Kitaplarımı ödünç vermek hep tedirgin edici olmuştur benim için. Okuduğum süreçte üstüne yaşanmışlıklarımı işlediğim, okuduktan sonra ise her gün selamlaşmak üzere kütüphanemin en güzel yerine koyduğum biricik kitabıma ya benim baktığım gibi bakmazlarsa diye ödüm kopar. Kitap ödünç alanlardan da olmadım hiç. Kendi kitabım olsun isterim, altını çizerek okuyayım, kitabı bitirdikten sonra tarih atıp şehri yazayım, özlediğimde açıp altı çizili kısımlara tekrar bakayım… Hal böyle olunca hayatım boyunca sahip olduğum en değerli birikimim bir kütüphane oldu.

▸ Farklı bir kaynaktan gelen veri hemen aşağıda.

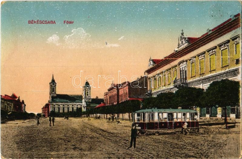 Beschreibung: Békéscsaba, Fő tér, motor, városi vasút, kisvasút, Evangélikus templom, Népbank

Zaman, kitapların raflarda durduğu gibi durmadı. Hayatımı ve anılarımı birkaç valize sığdırıp aile evimden gitme zamanı gelince, geride bana ait bir oda ve bir kütüphane kaldı. Yeni şehrimdeki anlamsız kalabalıkta kendime yer bulmaya çalıştığım yalnız hayatıma, kütüphanemi taşıyamadım. Anılarımla süslediğim bol kitaplı kütüphanem ile 1-2 ayda bir aile evi ziyaretlerimde kavuşabiliyoruz. Odam artık ütü masası ve kullanılmayan eşyaların konduğu bir depoya benzese de, kütüphanem tüm güzelliğiyle arz-ı endam eylemeye devam ediyor.
Ama ben artık istediğim zaman rafından indirip altı çizili satırları tekrar tekrar okuyamıyorum, kütüphanemin şehirlere bölündüğü ile yüzleştim. Uzaklaştık. Kitaplarım fiziksel olarak iki şehre bölünmüş olsa da, onların en başından beri ruhen çok farklı şehirlerde olduklarını yeni yeni anlayabiliyorum. Çünkü ne zaman eski bir kitabımı elime alsam, onu okuduğum yerde ve zamanda gibi hissedebiliyorum. Bu da benim şansım sanırım.
“Bütün mutlu aileler birbirlerine benzerler, her mutsuz ailenin ise kendine özgü mutsuzluğu vardır” satırlarının altını çizmiştim ve Anna Karenina Ankara’da okuduğum ilk kitap olarak yerini almıştı hafızamda. Bundan sonra hiçbir şeyi kafama takmayacağıma dair kendime bilmem kaçıncı kez söz verdiğim Napoli günlerimde Kinyas ve Kayra okuyordum. Bunaltıcı bir haziran sabahında İzmir’de deprem sarsıntısıyla “bunaltıcı düşlerimden” uyandığımda başucumda Dönüşüm vardı. Bavyera’nın uçsuz bucaksız yeşilliklerinin arasından trenle geçerken, gözlerimi Alpler’den alabildiğim nadir anlarda Fahrenheit 451 okuyordum ve evet on saniye sonra ölecekmiş gibi yaşadım, dünyayı gördüm!
Herkesi ve her şeyi Ankara’da bırakıp, elimde bir valizle İstanbul’a ayak bastığımda ise çantamda Füreya vardı. Şimdilerde İstanbul’daki küçük evimin bir köşesinde başını Füreya’nın çektiği bir kitap yığını duruyor. Zaman zaman Ankara’daki kütüphanemi İstanbul’a taşısam mı diye düşünmüyor değilim, ama o zaman Ankara’ya “evim” diyebilmek için bir sebebim daha yok olacak ve ben buna henüz hazır değilim!